FDA greenlights first COVID-19 point-of-care test
The U.S. Food and Drug Administration approved a new portable, fast swab test for the coronavirus Friday which can provide results in less than 15 minutes.
The IDNOW test from Abbott (ABT) is the first portable test to be approved, and allows for the existing testing instrument, which is in 18,000 locations around the U.S., to be used at the point-of-care in doctor’s offices, urgent care and hospitals.
It also has the potential to be used at drive-thru tests, according to company officials.
Norman Moore, Abbott’s director of infectious diseases and scientific affairs, told Yahoo Finance that the device can also be used in parking-lot testing facilities already being used by urgent care facilities.
The device weighs 6.6 pounds and tests a swab taken from the nose or throat, using a specific cartridge made by Abbott. The time for a positive result is 5 minutes, and a negative result will return in 13 minutes.
Abbott is sending 50,000 kits by April 1 and will be able to produce 4 million per month, Moore said.
This same instrument is already used for flu and strep swabs.
Moore said the testing can help frontline health workers who are helping in the U.S. response the outbreak.
‘The more we can test, the better we can isolate those that need to be isolated,” Moore said.

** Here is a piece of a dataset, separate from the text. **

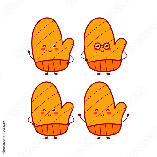Cute funny gloves character. Vector hand drawn cartoon mascot character illustration icon. Isolated on white background.

Robert Ford, president and COO of Abbott, said in a statement that this adds a new way for health-care workers to fight the virus.

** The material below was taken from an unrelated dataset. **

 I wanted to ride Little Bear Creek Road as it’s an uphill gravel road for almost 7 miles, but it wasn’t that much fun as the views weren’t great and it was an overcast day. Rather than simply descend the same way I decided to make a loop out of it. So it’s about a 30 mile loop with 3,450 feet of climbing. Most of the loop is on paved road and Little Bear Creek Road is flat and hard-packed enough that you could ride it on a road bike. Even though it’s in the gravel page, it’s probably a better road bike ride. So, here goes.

“With rapid testing on IDNOW, health care providers can perform molecular point-of-care testing outside the traditional four walls of a hospital in outbreak hotspots,” he said.
Testing has been handled primarily by the Centers for Disease Control and Prevention (CDC) testing kit, as well as some commercial labs such as Quest Diagnostic (DGX) and Labcorp (LH)— all of which require mailing swabs to labs for testing. Abbott, along with Thermo Fisher and Roche received emergency use authorization approval for high-throughput diagnostic tests, which can also be done by labs like Quest and Labcorp.
The U.S. currently has the most confirmed cases of coronavirus in the world—surpassing 100,000. The worldwide confirmed case count is now 550,000.